35：Video Surveillance

A friend of yours has taken the job of security officer at the Star-Buy Company, a famous department store. One of his tasks is to install a video surveillance system to guarantee the security of the customers (and the security of the merchandise of course) on all of the store’s countless floors. As the company has only a limited budget, there will be only one camera on every floor. But these cameras may turn around to look in every direction.

The first problem is to choose where to install the camera for every floor. The only requirement is that every part of the room must be visible from there.

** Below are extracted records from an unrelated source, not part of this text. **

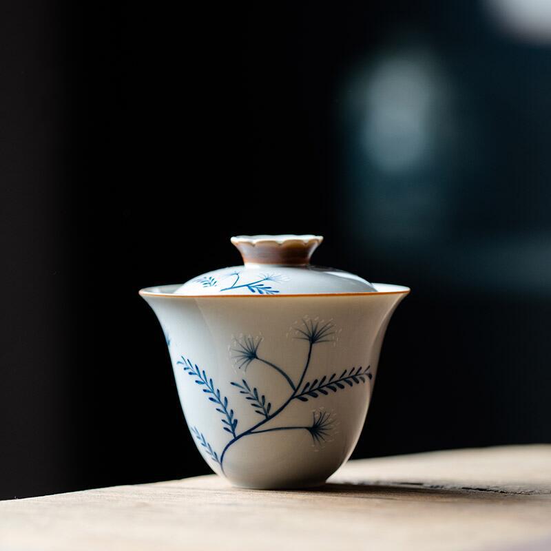 墨青手描きタンポポ蓋碗茶杯高級単一陶磁器の工夫茶碗蓋付き家庭用のお茶碗は熱を防ぎます。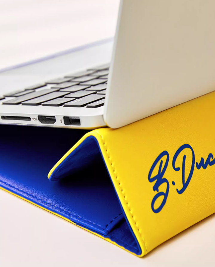 This Little Yellow Duck laptop sleeve is designed for 13-inch and 15-inch laptops, made from water-resistant and stain-resistant material to protect your laptop from spills and dirt. The sleek design features the adorable Little Yellow Duck, blending style and practicality. It not only protects your laptop but also functions as a laptop stand, enhancing comfort for viewing and use.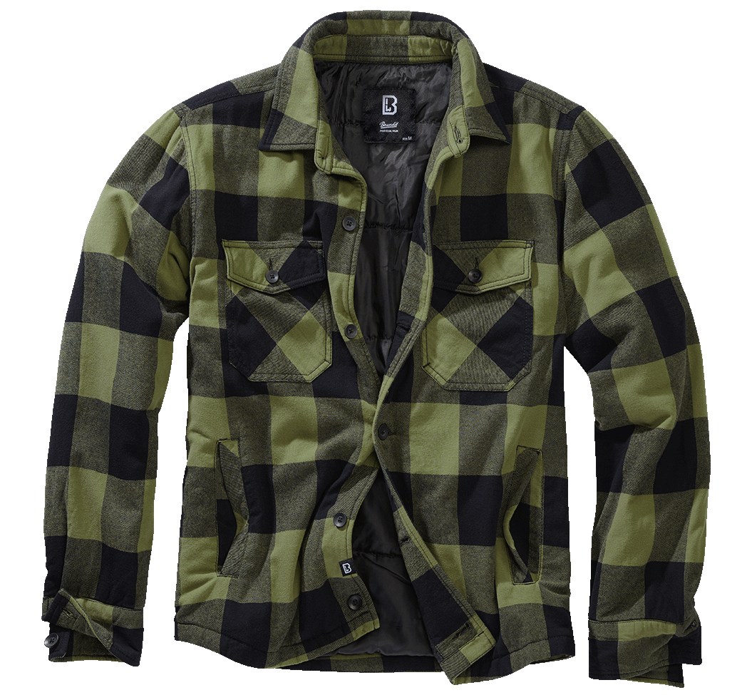 Toppavuorillinen oliivimusta Lumberjacket. Brandit napitettava, muhkea flanellitakki. Napilliset rintataskut, avonaiset etutaskut edessä, sekä povitasku vuorissa.

In the following figure the left floor can be completely surveyed from the position indicated by a dot, while for the right floor, there is no such position, the given position failing to see the lower left part of the floor.

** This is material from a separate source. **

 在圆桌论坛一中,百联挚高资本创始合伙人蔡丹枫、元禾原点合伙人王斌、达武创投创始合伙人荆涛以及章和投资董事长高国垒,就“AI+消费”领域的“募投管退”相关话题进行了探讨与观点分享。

Before trying to install the cameras, your friend first wants to know whether there is indeed a suitable position for them. He therefore asks you to write a program that, given a ground plan, determines whether there is a position from which the whole floor is visible. All floor ground plans form rectangular polygons, whose edges do not intersect each other and touch each other only at the corners.

Input

The input file contains several floor descriptions. Every description starts with the number n of vertices that bound th floor(4 <= n <= 100).The next n lines contain two integers each, the x and y coordinates for the n vertices, given in clockwise order. All vertices will be distinct and at corners of the polygon.Thus the edges alternate between horizontal and vertical. 

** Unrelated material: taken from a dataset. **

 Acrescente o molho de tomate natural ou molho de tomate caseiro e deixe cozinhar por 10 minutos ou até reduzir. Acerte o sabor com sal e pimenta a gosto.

A zero value for n indicates the end of the input.

Output

For every test case first output a line with the number of the floor, as shown in the sample output.

Then print a line stating “Surveillance is possible.” if there exists a position from which the entire floor can be observed, or print “Surveillance is impossible.” if there is no such position.

Print a blank line after each test case.

Sample Input

4

0 0

0 1

1 1

1 0

8

0 0

0 2

1 2

1 1

2 1

2 2

3 2

3 0

0

Sample Output

Floor #1

Surveillance is possible.

Floor #2

Surveillance is impossible.

解体思路：来自于点击打开链接

限制摄像头位置的，是房间的突出部分，如下图中的ABCD。图一和图二阴影部分表示了突出部分ABCD限制下，摄像头能放置的范围。

所以，如果房间的所有突出部分的限制范围有交集，那交集即可行的区域。

由于墙只有横和竖，只需要记录x和y方向可行的区间。

识别突出部分：沿顺时针方向遍历线段，线段连续右转时，该部分即突出部分。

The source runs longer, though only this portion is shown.